An announcement has been made about radical changes in the healthcare system. An unprecedented pilot project in medical practice has been launched in the state of Utah, USA, and this move has already divided the medical community into two camps.
According to Milli.Az, shortly before the introduction of a healthcare-adapted version of ChatGPT, the state of Utah officially approved the updating of prescriptions for 190 types of drugs used for chronic diseases through artificial intelligence. This is considered the first such experiment in the USA.
The pilot project is being implemented in cooperation with the healthcare technology company "Doctronic." The main goal of the project is to speed up access to healthcare services, reduce medical costs, and ease the workload of already overburdened doctors and healthcare workers.
Currently, a symbolic payment of 4 dollars is required to use the system for prescription updates. In the future, it is planned to include this service in insurance packages or offer it through an annual subscription model. Nevertheless, not all drugs have been included in the system. Strong painkillers with dependency risks and drugs intended for attention deficit hyperactivity disorder (ADHD) have been excluded from this list.
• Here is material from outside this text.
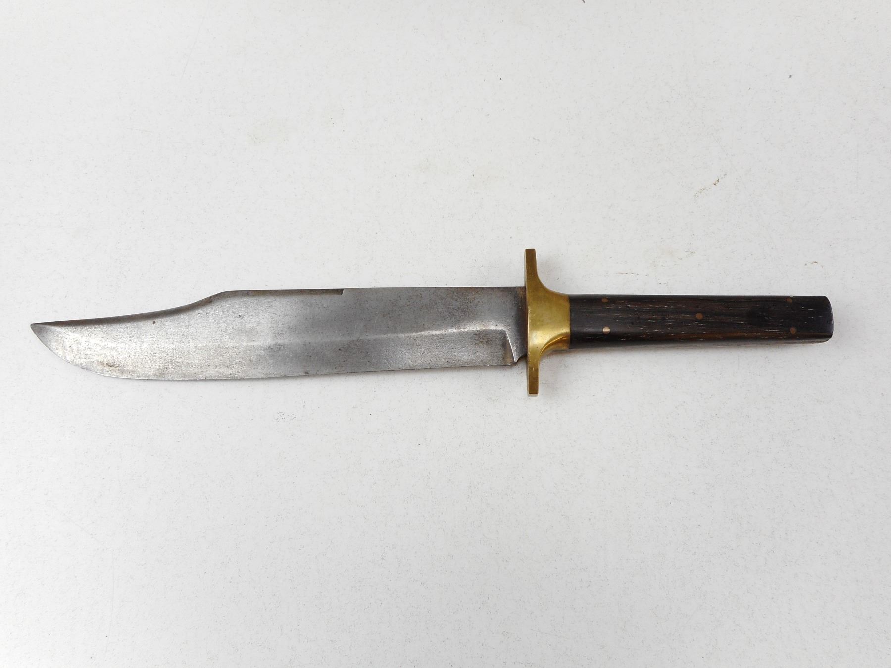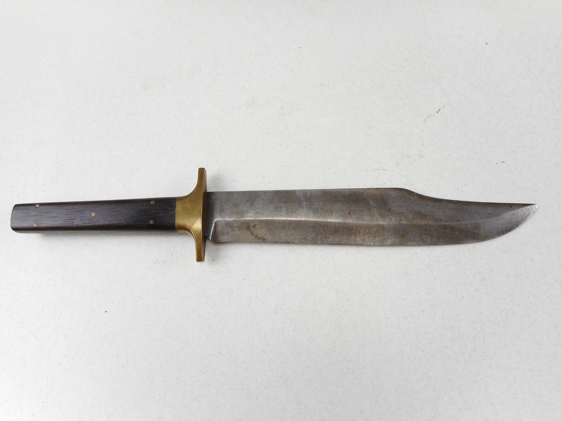 VINTAGE BOWIE KNIFE WITH BRASS GUARD , 9 1/2" BLADE 14 1/2" OVERALL WITH A ROSE WOOD HANDLE, NO SHEATH

According to the company's statement, prescription decisions made by artificial intelligence show 99.2 percent agreement with real doctor decisions. Despite this high indicator, specialists recall that even the smallest mistake in medicine can lead to serious consequences, thus requiring a cautious approach.
Risks and ethical questions
Although the application of artificial intelligence in healthcare is not new, its authority to write prescriptions, which is vitally important, raises serious debates. According to current statistics, about 46 percent of nurses in the USA already use artificial intelligence tools in their daily or weekly work.
However, experts warn that such systems may sometimes:
overlook dangerous interactions between drugs,
fail to properly evaluate critical changes in a patient’s condition.
Moreover, several scientific studies show that medical artificial intelligence tools underrate women's complaints and can produce biased results related to race and ethnicity. Specifically, the lower risk assessments by algorithms for Black patients can hinder timely and adequate medical care for them.
From a legal standpoint, the matter is more complicated. Although medical practice rules are mainly under state jurisdiction in the USA, the regulation of AI-based medical systems is under the supervision of the Federal Food and Drug Administration (FDA).
If this pilot project in Utah proves successful, it is expected to be implemented soon in other states such as Texas, Arizona, and Missouri.